‘Supprimez l’impôt foncier’, plaident les secteurs du commerce et de l’immobilier

Les mesures de confinement ont obligé tous les magasins non-essentiels à fermer leurs portes. (Isopix)

Les secteurs du commerce et de l’immobilier appellent le gouvernement à exempter l’impôt foncier mais aussi les taxes locales pour cette année.

La crise du coronavirus a en effet obligé beaucoup de magasins à fermer leurs portes, mais ils devraient tout de même payer des impôts sur leur magasin, s’étonnent ainsi jeudi quatre associations de défense des commerçant et des agents immobiliers. Le BLSC (Conseil belge et luxembourgeois pour le retail et les centres commerciaux), l’Upsi (Union professionnelle du secteur immobilier), Comeos (Fédération du commerce et des services) et le Retail Forum Belgium demandent aux pouvoirs locaux et régionaux de faire un geste.

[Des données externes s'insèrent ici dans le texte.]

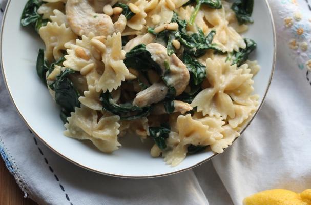 Creamy Chicken, Spinach and Pine Nut Farfalle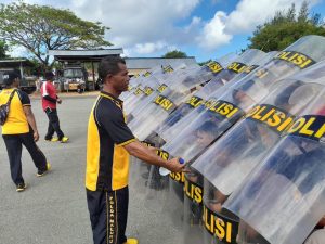 Tribratanews.polrestanimbar.com – Polda Maluku, Polres Kepulauan Tanimbar, Latihan Pengendalian Massa (Dalmas) antisipasi kontijensi dan aksi unjuk rasa kembali dilakukan personil Peleton Kerangka dan Peleton Dalmas di lapangan apel Polres. Jumat (16/09), pagi.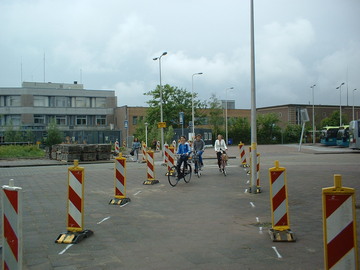 Fietsers slingeren zich een weg over het tijdelijke busstation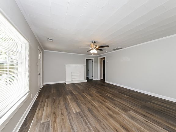 The spacious living room features LVP flooring throughout, a large window that fills the space with natural light, and a brick mantle that adds warmth and character.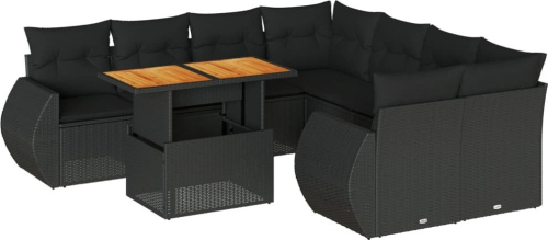 vidaXL 9-cz. zestaw wypoczynkowy do ogrodu, z poduszkami, czarny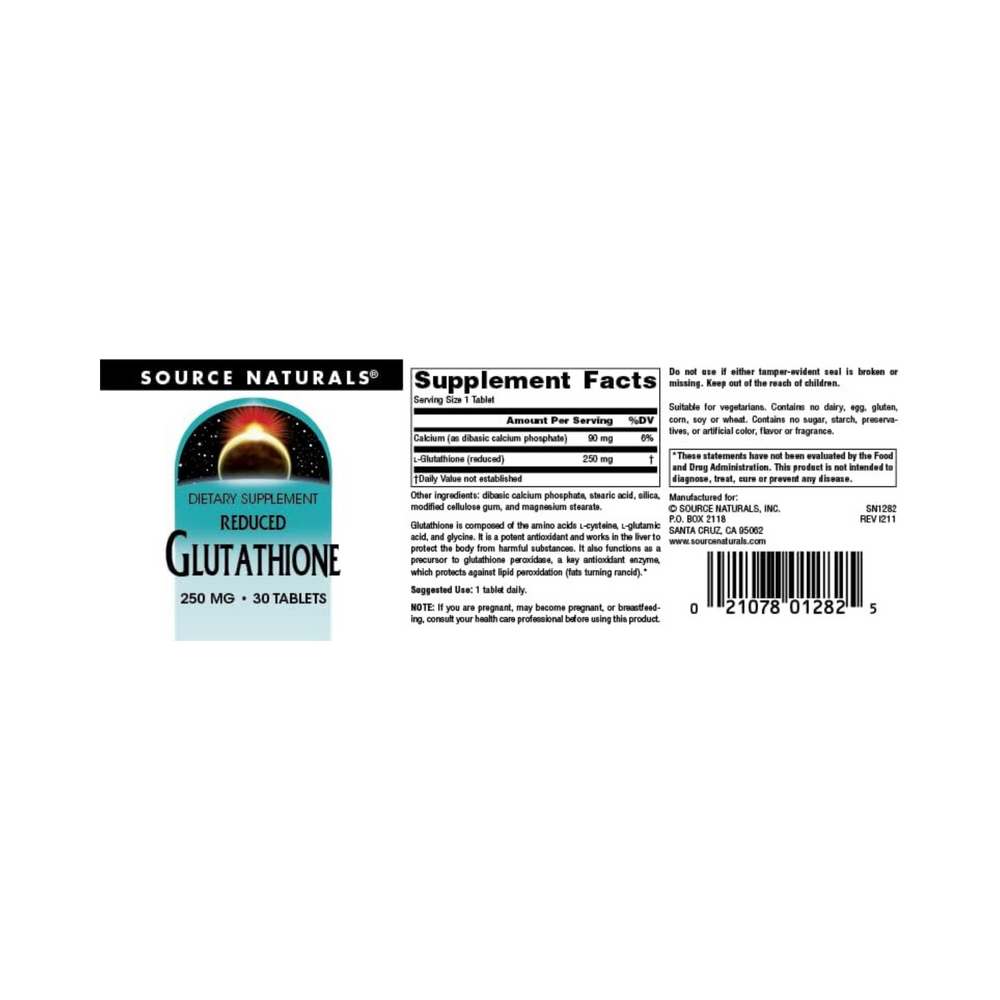 Source Naturals, Glutathione, Reduced, 250 Mg, 30 Tablets

Depuis mi-mars, tous les magasins non-alimentaires ont dû fermer leurs portes. Les charges fiscales restent toutefois dues: l’impôt foncier, d’une part, et toute une série d’impôts locaux, d’autre part, constatent les quatre organisations. La situation est dès lors ‘très pesante’ pour les propriétaires et locataires d’espaces commerciaux.

Les gouvernements régionaux ont déjà décidé que l’impôt foncier serait reporté et certaines communes envisagent d’en faire de même pour plusieurs taxes locales. Mais ce report ne solutionne pas le problème, selon les représentants des secteurs du commerce et de l’immobilier. Ils plaident plutôt pour une exemption de l’impôt foncier et des taxes locales pour 2020.

‘Le problème est que les magasins physiques belges (fermés) doivent payer des impôts alors qu’ils subissent aujourd’hui, plus que jamais, la concurrence des plateformes internationales en ligne, qui ne doivent pas payer ces impôts’, illustre-t-on chez Comeos.

Les quatre organisations veulent, par leur appel commun, envoyer un signal clair aux autorités concernées pour qu’elles rouvrent les magasins le plus rapidement possible et de manière sûre, comme cela a été démontré dans les commerces alimentaires.